Cuttings of the Body
- Sagittal: Divides body into left and right.
- Coronal: Divides body into anterior and posterior.
- Transverse: Divides body into upper and lower.
Body Cavities
- Cranial and vertebral: Contain brain and spinal cord.
- Thoracic: Contains pericardial (heart) and pleural (lungs) cavities.
- Peritoneal: Abdominal (stomach, liver, pancreas, intestinal channel) and pelvic parts, divided from the thoracic cavity by the diaphragm.
Cells and Tissue
- Cells: Basic building units of the body.
- Tissue: Group of similar cells.
- Organ: Formed by a certain amount of tissue.
- System: Formed by a number of organs.
- Cell membrane: Selective transmissible membrane surrounding the cell.
- Environment: Tissue liquid containing glucose, fatty acids, amino acids, mineral salts (sodium, potassium, calcium, chloride), gases (oxygen, carbon dioxide), hormones, enzymes, and residual products (ureum and urinal acid).
- Protoplasm: Basic component of the cell, consisting of nitrogen, sodium, potassium, chloride, carbon, iron, nitrogen, phosphate, and calcium.
- Cytoplasm: Contains the cell nucleus, necessary for life, growth, and reproduction.
- Cell nucleus: Controls cell activities and contains nucleoprotein.
- Chromosomes:
- Located within the cell nucleus.
- Number 46 in each cell, except gender cells (spermatozoa).
- After fertilization, the number of chromosomes is divided into two equal parts, making a total of 46.
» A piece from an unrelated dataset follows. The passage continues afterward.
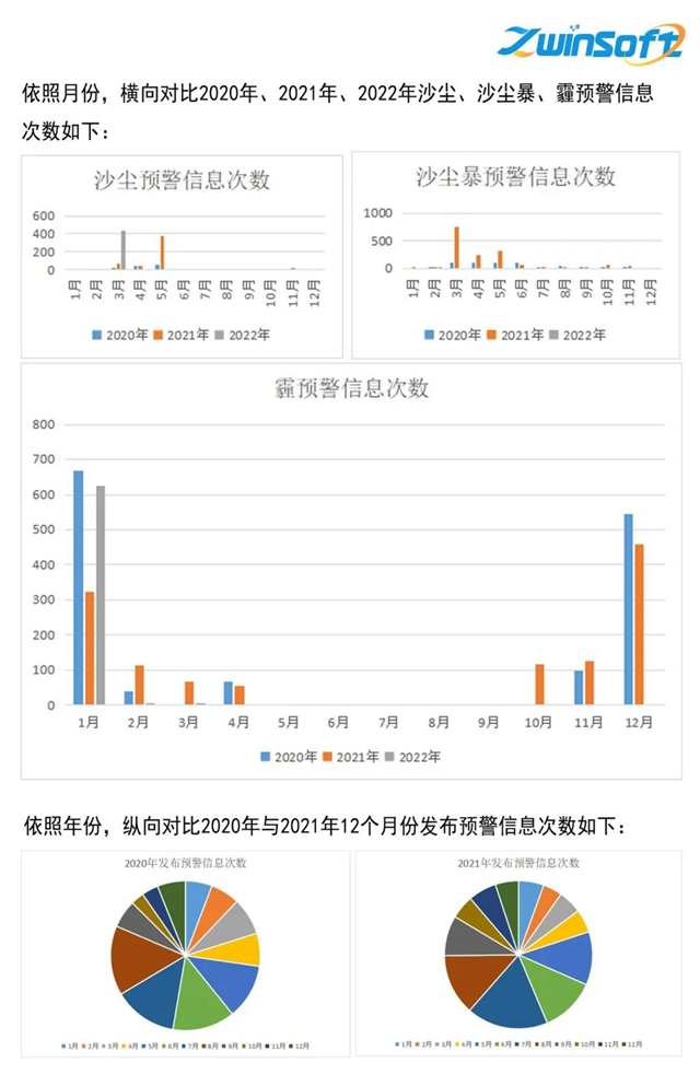 2021年,我國首次沙塵天氣過程發(fā)生時間為1月10日,較2000-2020年平均(2月17日)偏早38天,較2020年(2月13日)偏早34天,沙塵過程首發(fā)時間為2002年以來最早。不僅如此,通過《國家突發(fā)事件預警信息發(fā)布情況月報》2020年1月——2022年3月數據的比對分析,智易時代還發(fā)現了一些有趣的小規(guī)律。

Characteristics of a Living Cell
- Assimilation of nutrition.
- Growth and recuperation.
- Reproduction.
- Excretion of residue.
- Ability to move (some cells).
Tissues
- Epithelium tissues: Line or cover organs, offering protection, secretion, or absorption.
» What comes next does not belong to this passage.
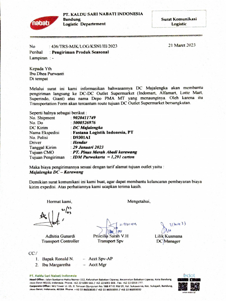 pengiriman langsung ke DC-DC Outlet Supermarket (Indomart, Alfamart, Lotte Mart,
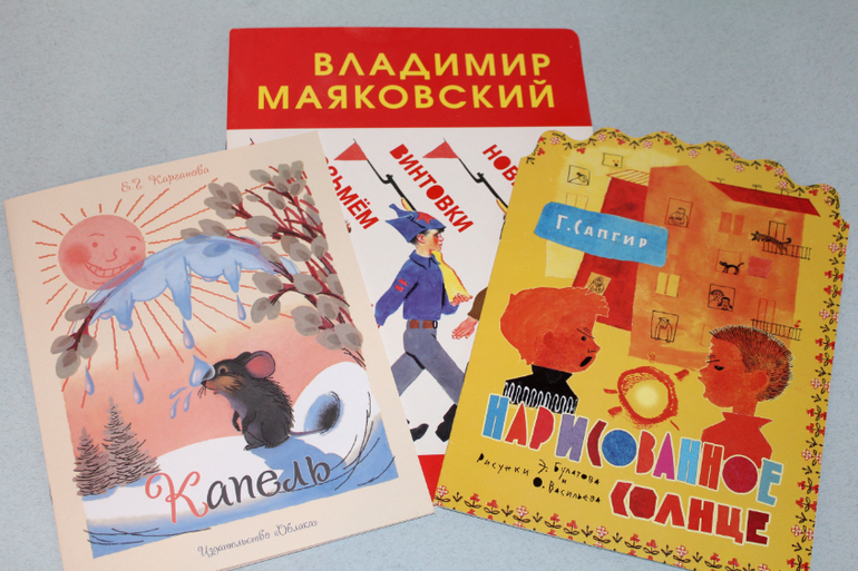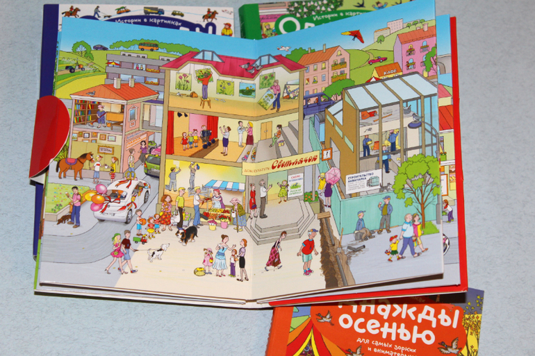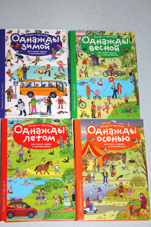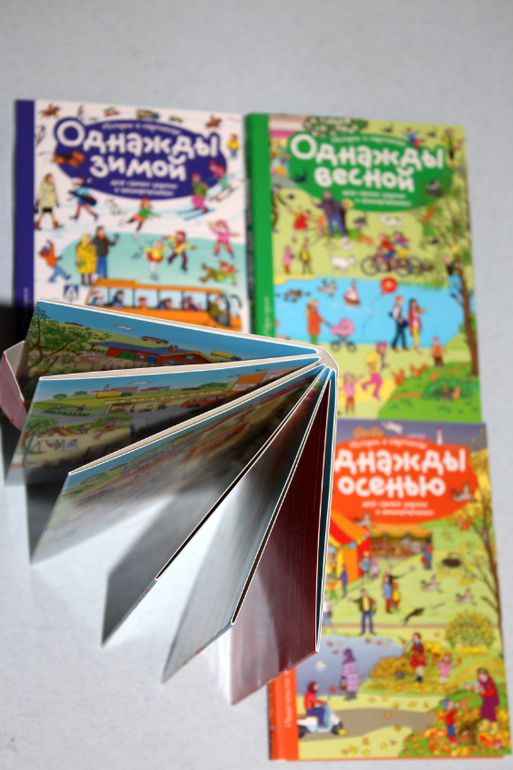 Четыре книжки-гляделки мини формата. Удобно брать с собой. Один минус - развороты не открываются полностью.

- Simple epithelium tissues: Single layer of cells on a basal membrane.
- Pavement or flat epithelium: Single layer of flat cells, found in the oesophagus and superficial skin layer. Keratinized in the skin for waterproofing.
- Stratified cylinder epithelium: Found in the gut, serving as absorbent tissue and secretion of slime.
- Ciliated epithelium: Found in the trachea (catches dust particles) and Fallopian tubes.
- Transitional epithelium:
- Cylinder epithelium: Cells are cylindrical; goblet cells secrete slime, found in the gut.
- Cubic epithelium: Found in certain glands, such as sweat glands.
- Compound epithelium tissues: More than one cell layer thick, with the same function as simple epithelium.
- Stratified or compound epithelium: Cells rest on the basal membrane, with the outer layer depressed. Found in the bladder.
- Gland epithelium: Secretes saliva, enzymes, etc. Cubic epithelium found in sweat glands.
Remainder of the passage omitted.